Node B requests a lock via the dlm which causes Node A to
receive a callback. The callback sets a flag in the glock[*]
state on Node A corresponding to the inode in question. This
results in all future requests for that particular lock on
Node A blocking. Also at that time, we unmap any mapped pages
relating to that inode, flush any dirty data back onto the
disk (and if the request was for an exclusive lock, invalidate
the pages as well). So thats what I was refering to above as
lock demotion.
Once thats done, the dlm/glock is dropped (again notification is via
the dlm) and if Node A has outstanding requests queued up, it
re-requests the glock. This is a slightly simplified explanation
but, I hope it gives the general drift.
So to return to the original subject, in order to allow all
this locking to occur with no lock ordering problems, we have
to define a suitable ordering of page locks vs. glocks, and the
ordering that we use is that glocks must come before page locks.

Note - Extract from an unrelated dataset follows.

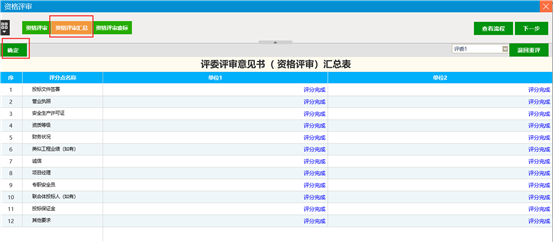 资格评审汇总由评委组长进行操作,如果所有评委均已评审完成,点击“确定”按钮进行汇总。如有问题需要退回重评的,经表决后,可进行“退回重评”操作。

The
full ordering of locks in GFS2 is in Documentation/filesystems/gfs2-glocks.txt
As a result of that, the VFS needs reads (and page_mkwrite) to
retry when !PageUptodate() in case the returned page has been
invalidated at any time when the page lock has been dropped.

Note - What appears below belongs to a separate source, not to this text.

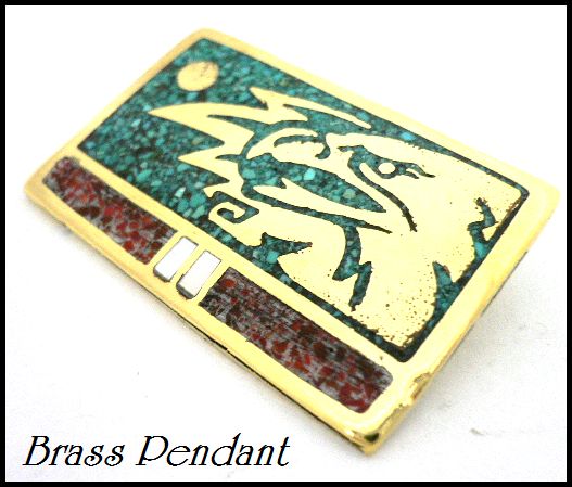 - 真鍮製Brass天然石ターコイズ インレイ イーグル プレート ブラス ペンダント
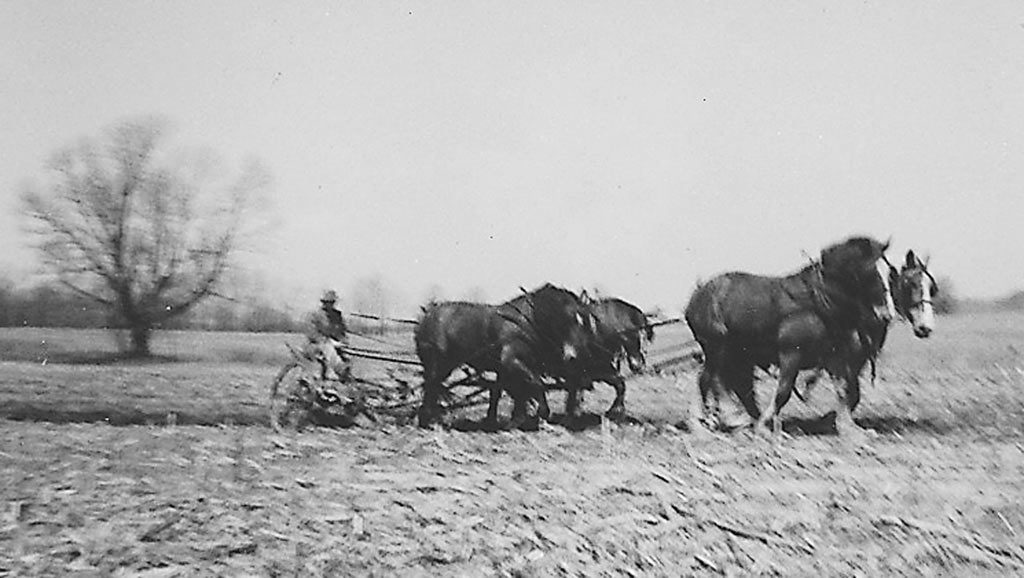 Brenner plowing with a tandem hitch in April, 1962, on the Dave Moving farm near East Greenville, Ohio. Wife Matilda writes, “Merwyn still loves his horses, however he has retired now. At age 861⁄2, too much work for an old man!”

Obviously we hope that this doesn't happen too often since its
very inefficient (and we have a system to try and reduce the
frequency of such events) but it can and does happen at more
or less any time, so the vfs needs to take that into account.
I hope that makes some kind of sense... let me know if its
not clear,
Steve.
[*] The glock layer is a state machine which is associated with each
dlm lock and performs the required actions is response to dlm messages
and filesystem requests to keep the page cache coherent.
--
To unsubscribe, send a message with 'unsubscribe linux-mm' in
the body to majordomo@kvack.org. For more info on Linux MM,
see: http://www.linux-mm.org/ .
Don't email: <a href=mailto:"dont@kvack.org"> email@kvack.org </a>
next prev parent reply other threads:[~2008-10-21 13:38 UTC|newest]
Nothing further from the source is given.